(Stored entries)
::::
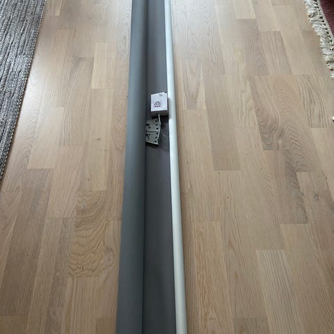 Pakken er åpnet, men gardinen ble aldri montert. Skruer og fester medfølger. Som ny.
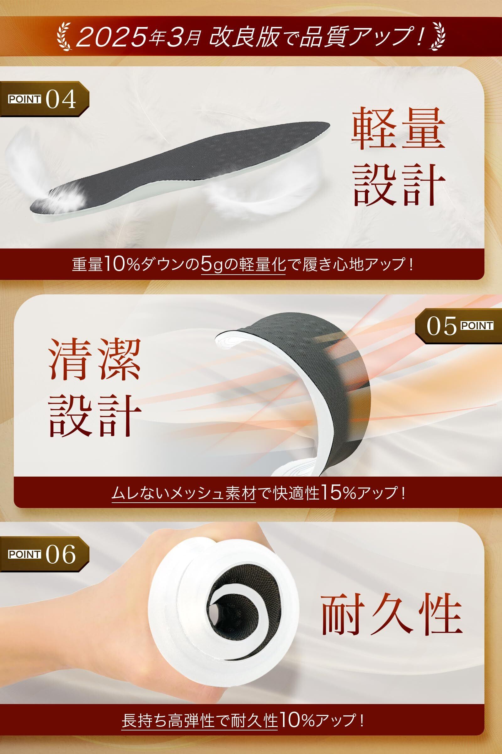 【改良版】入れるだけで真っすぐ脚に!お客様の声を元に、①高低差10mmですっきり美脚成功率8%UP、②足裏刺激突起で足先活性化力10%UP、③アーチサポートのサポート力15%UP、④軽量設計で重量10%DOWN、⑤清潔設計で快適性15%UP、⑥耐久設計で耐久性10%UP、に大改良しました。
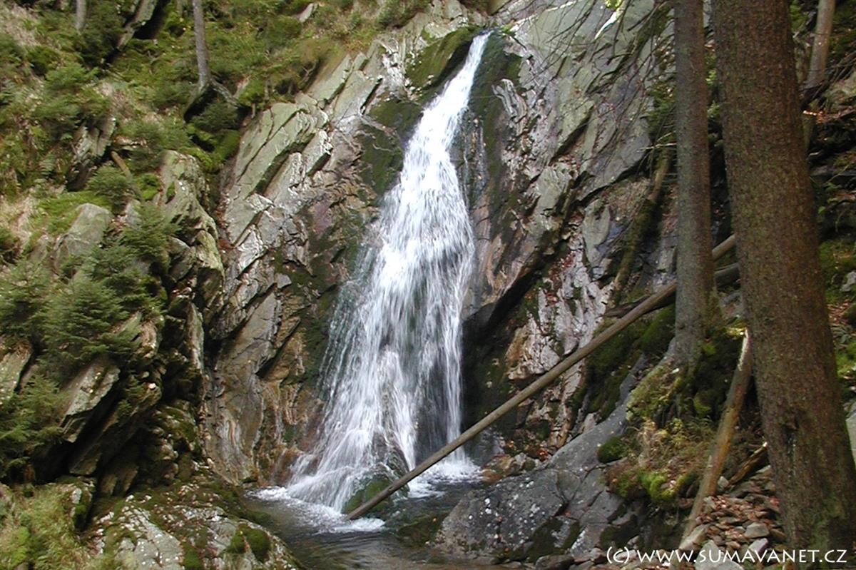 Romantická soutěska na Bílém potoce s jediným vodopádem na Šumavě. Jeho výška je 7 m. Nádherná přírodní scenérie. Nad vodopádem se nachází vyhlídková terasa.
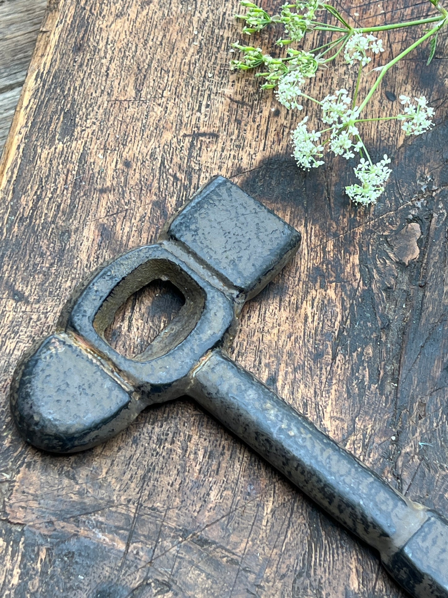 Deze fles opener is gemaakt van smeedijzer in de vorm van een oude hamer.
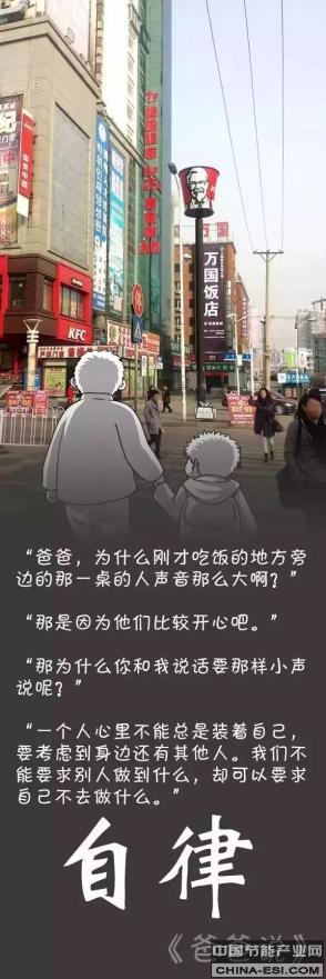 “爸爸,为什么刚才吃饭的地方旁边的那一桌的人声音那么大啊?” “那是因为他们比较开心吧。” “那为什么你和我说话要那样小声说呢?” “一个人心里不能总是装着自己,要考虑到身边还有其他人。我们不能要求别人做到什么,却可以要求 自己不去做什么。”——自律。
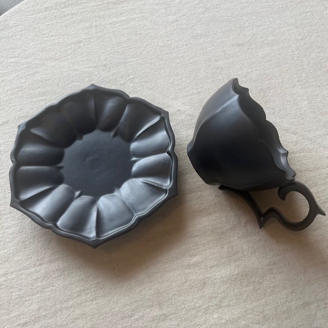臼杵焼 USUKIYAKI 稜花ティーカップ&ソーサー ブラック USUKIYAKI研究所
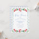 Junte-se a nós para um tema de chá de bebê de cerejas vermelhas doces com uma moldura simples azul e verde e fonte azul coordenada. Tão fofo para o chá de bebê da menina ou do menino. 100% de satisfação do cliente com o “Zazzle”
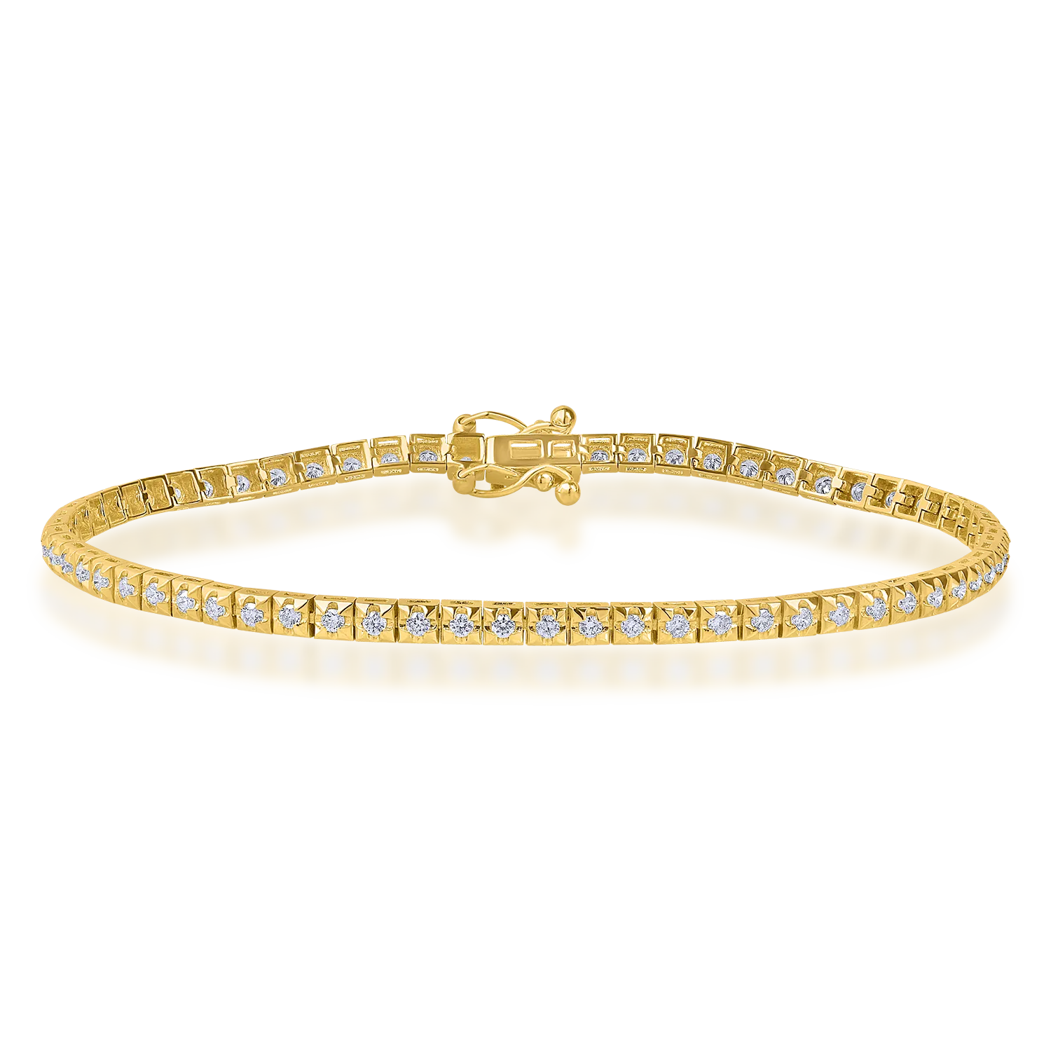 Paseste in lumea seducatoare a bijuteriilor. Bratara tennis din aur galben cu diamante de 1ct dezvaluie echilibrul perfect intre rafinament si feminitate. Stralucirea subtila a diamantelor se contopeste armonios cu caldura aurului galben, oferind o bijuterie atemporala, plina de gratie si distinctie. Este o piesa ce pune in valoare eleganta naturala si personalitatea celei care o poarta, completand perfect atat tinutele de zi, cat si aparitiile de seara. Alege designul stralucitor al piesei care va deveni o sursa inepuizabila de inspiratie!
::::
◆ **REQUIRED WORK**:
When copying the entries, drop the images and keep every line exact.

◆ **FINISHED TASK**:
 Pakken er åpnet, men gardinen ble aldri montert. Skruer og fester medfølger. Som ny.
 【改良版】入れるだけで真っすぐ脚に!お客様の声を元に、①高低差10mmですっきり美脚成功率8%UP、②足裏刺激突起で足先活性化力10%UP、③アーチサポートのサポート力15%UP、④軽量設計で重量10%DOWN、⑤清潔設計で快適性15%UP、⑥耐久設計で耐久性10%UP、に大改良しました。
 Romantická soutěska na Bílém potoce s jediným vodopádem na Šumavě. Jeho výška je 7 m. Nádherná přírodní scenérie. Nad vodopádem se nachází vyhlídková terasa.
 Deze fles opener is gemaakt van smeedijzer in de vorm van een oude hamer.
 “爸爸,为什么刚才吃饭的地方旁边的那一桌的人声音那么大啊?” “那是因为他们比较开心吧。” “那为什么你和我说话要那样小声说呢?” “一个人心里不能总是装着自己,要考虑到身边还有其他人。我们不能要求别人做到什么,却可以要求 自己不去做什么。”——自律。
臼杵焼 USUKIYAKI 稜花ティーカップ&ソーサー ブラック USUKIYAKI研究所
 Junte-se a nós para um tema de chá de bebê de cerejas vermelhas doces com uma moldura simples azul e verde e fonte azul coordenada. Tão fofo para o chá de bebê da menina ou do menino. 100% de satisfação do cliente com o “Zazzle”
 Paseste in lumea seducatoare a bijuteriilor. Bratara tennis din aur galben cu diamante de 1ct dezvaluie echilibrul perfect intre rafinament si feminitate. Stralucirea subtila a diamantelor se contopeste armonios cu caldura aurului galben, oferind o bijuterie atemporala, plina de gratie si distinctie. Este o piesa ce pune in valoare eleganta naturala si personalitatea celei care o poarta, completand perfect atat tinutele de zi, cat si aparitiile de seara. Alege designul stralucitor al piesei care va deveni o sursa inepuizabila de inspiratie!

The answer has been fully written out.